RECORDED DATA
· · ·
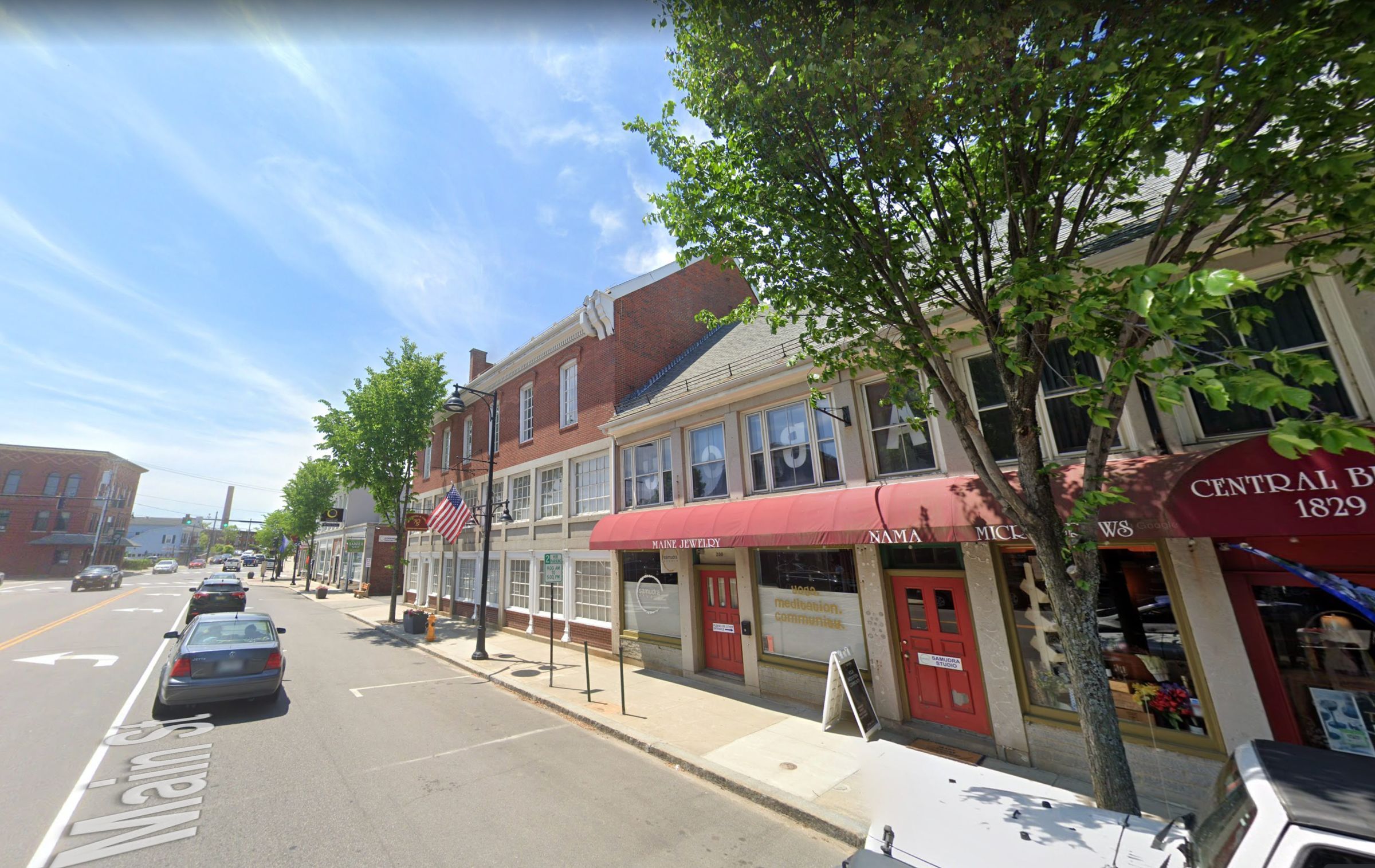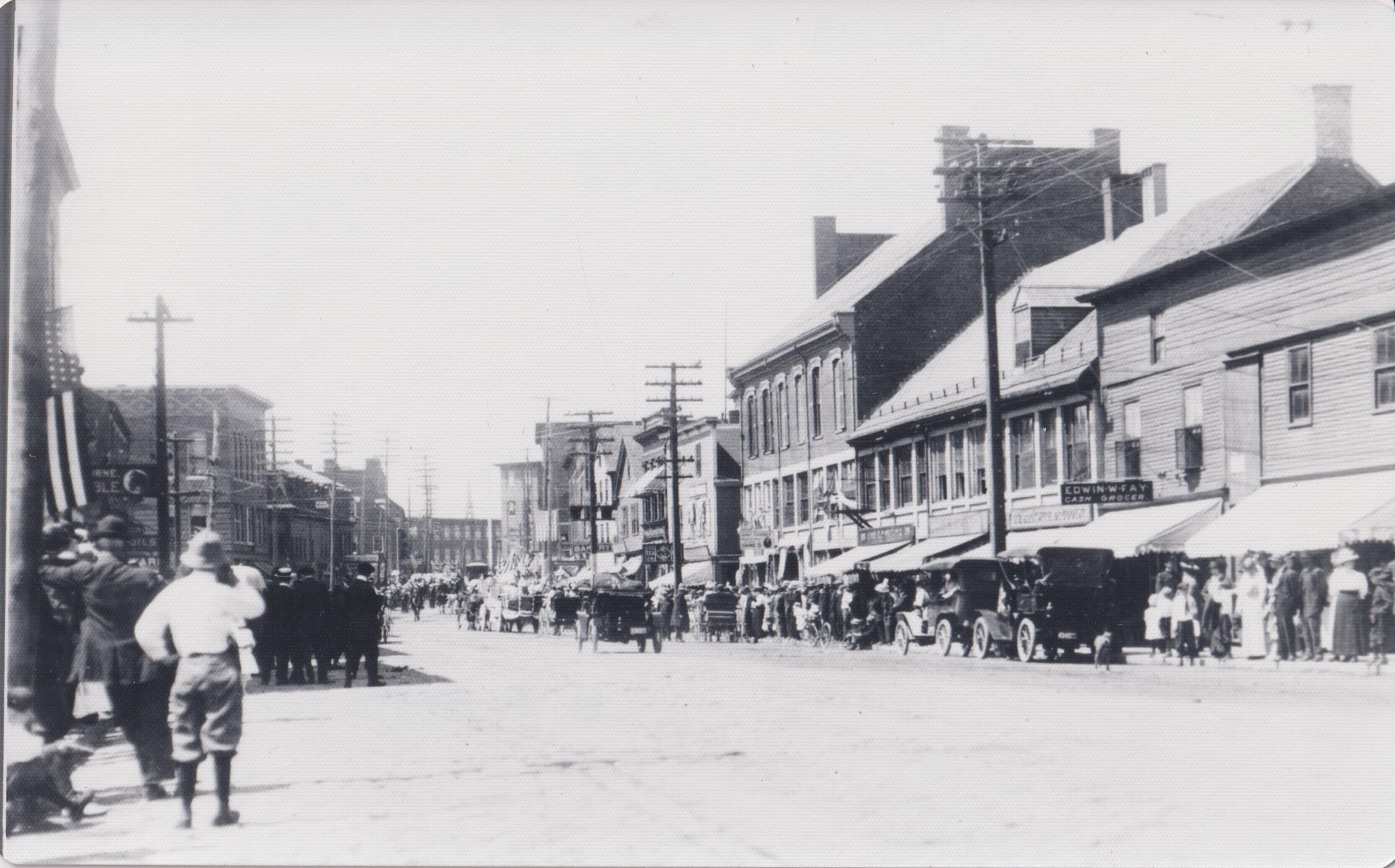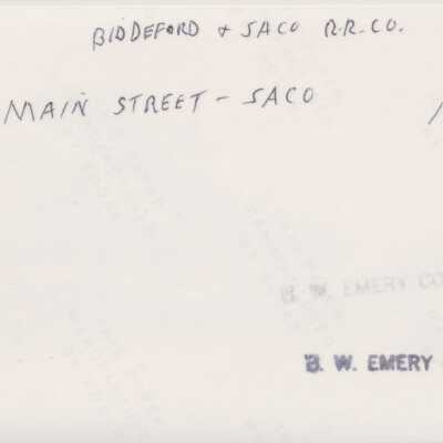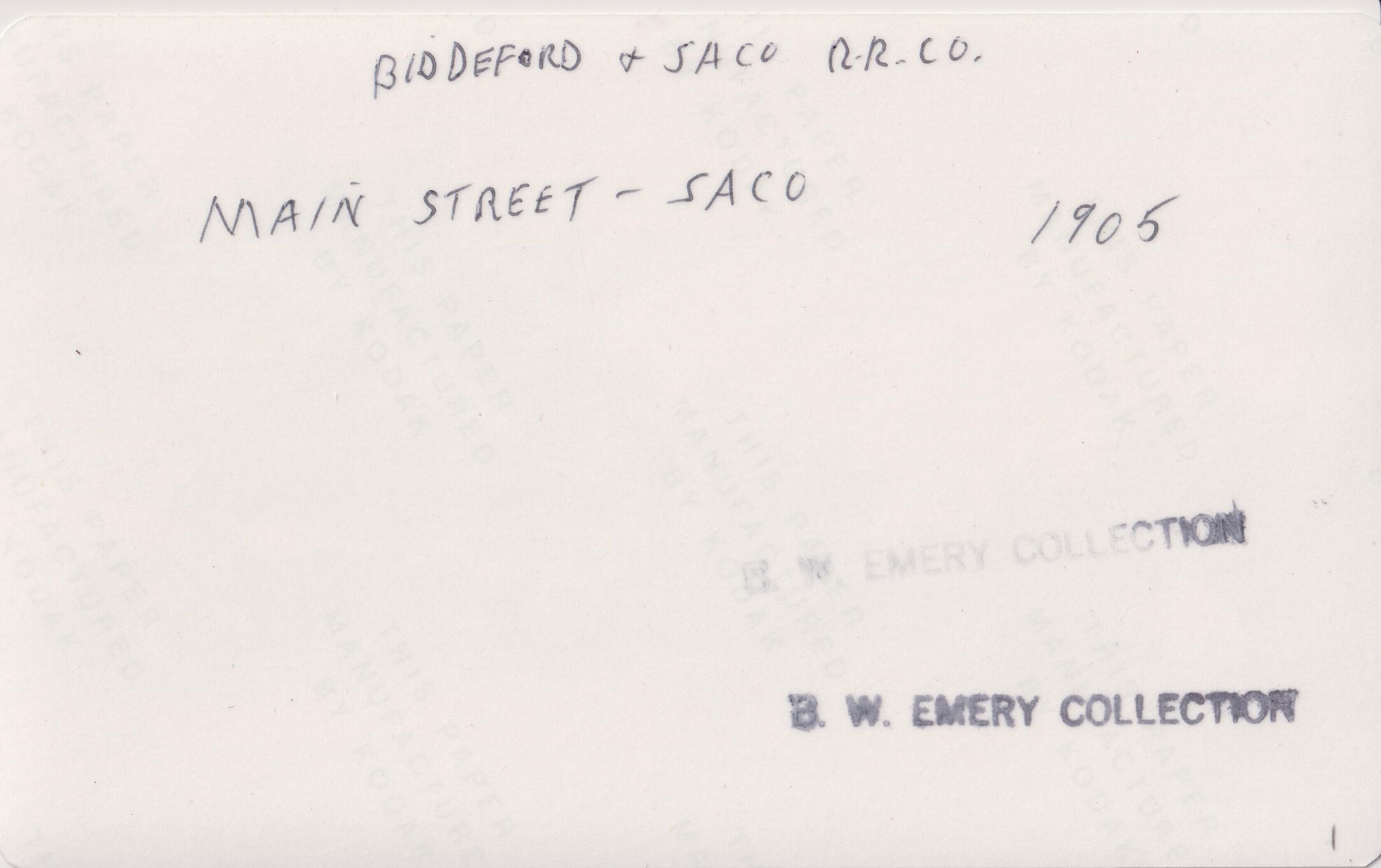 Black and white photo of Main Street, Saco. Although "1905" is written on the back of the photo, this photo was taken circa 1913 by Charles E. Moody. The grocer, Edwin W. Fay appears in the 1913 Biddeford & Saco Directory.
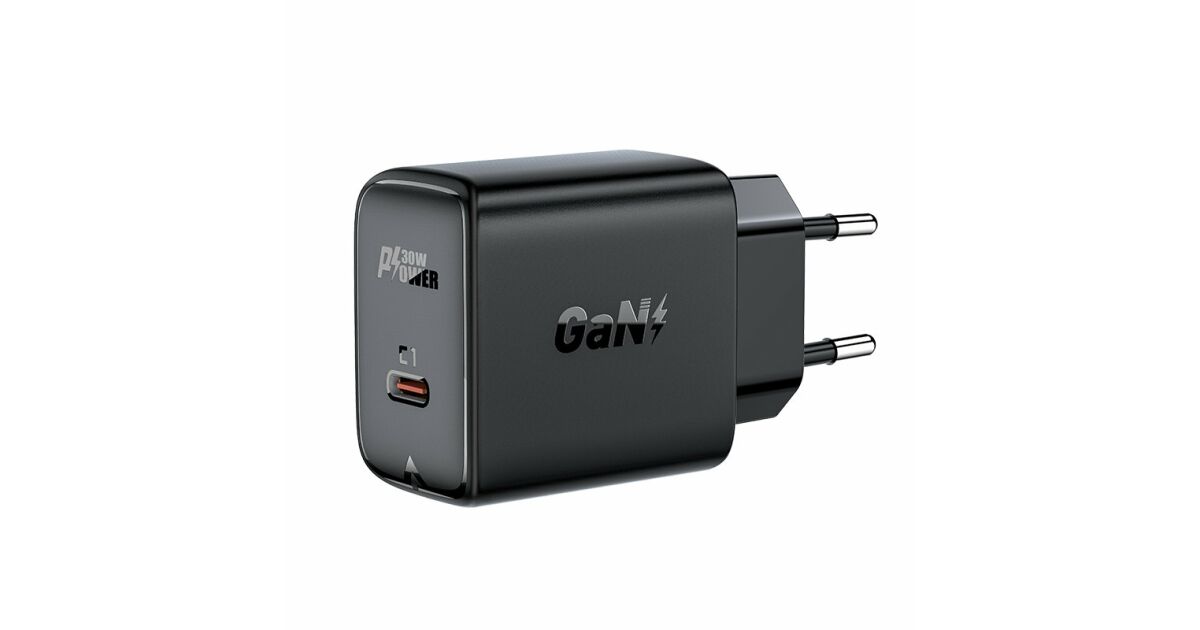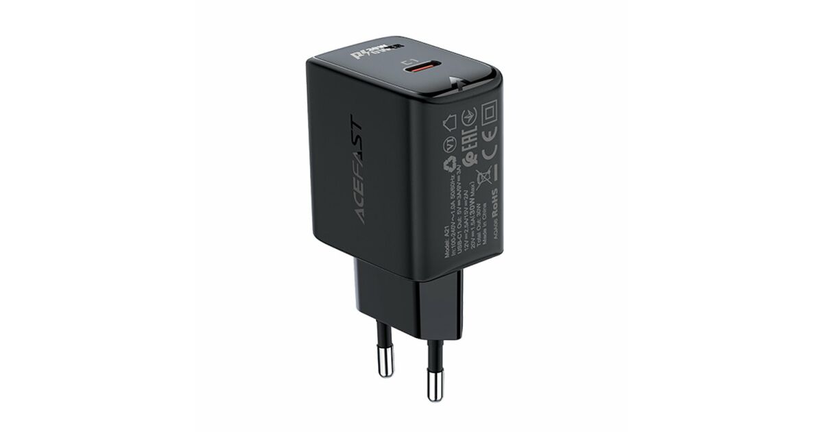 Acefast töltő GaN USB Type C 30W, PD, QC 3.0, AFC, FCP fekete (A21 fekete)
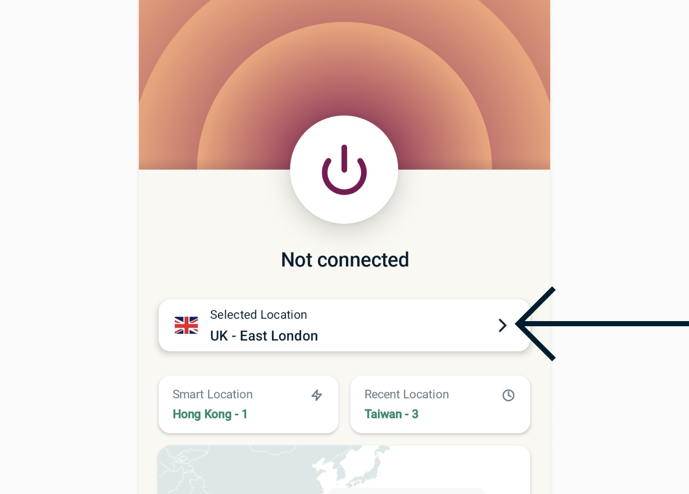 4. เชื่อมต่อกับตำแหน่งเซิร์ฟเวอร์ VPN ในประเทศที่คุณต้องการสตรีม (หากมีหลายตำแหน่ง ให้เลือกตำแหน่งที่ใกล้คุณที่สุด)
· · ·
Repeat the lines exactly as they stand, from the opening line of the data through the line with "Acefast töltő GaN". Pictures stay out of the copy.

ANSWER TO THE PROBLEM
 Black and white photo of Main Street, Saco. Although "1905" is written on the back of the photo, this photo was taken circa 1913 by Charles E. Moody. The grocer, Edwin W. Fay appears in the 1913 Biddeford & Saco Directory.
 Acefast töltő GaN USB Type C 30W, PD, QC 3.0, AFC, FCP fekete (A21 fekete)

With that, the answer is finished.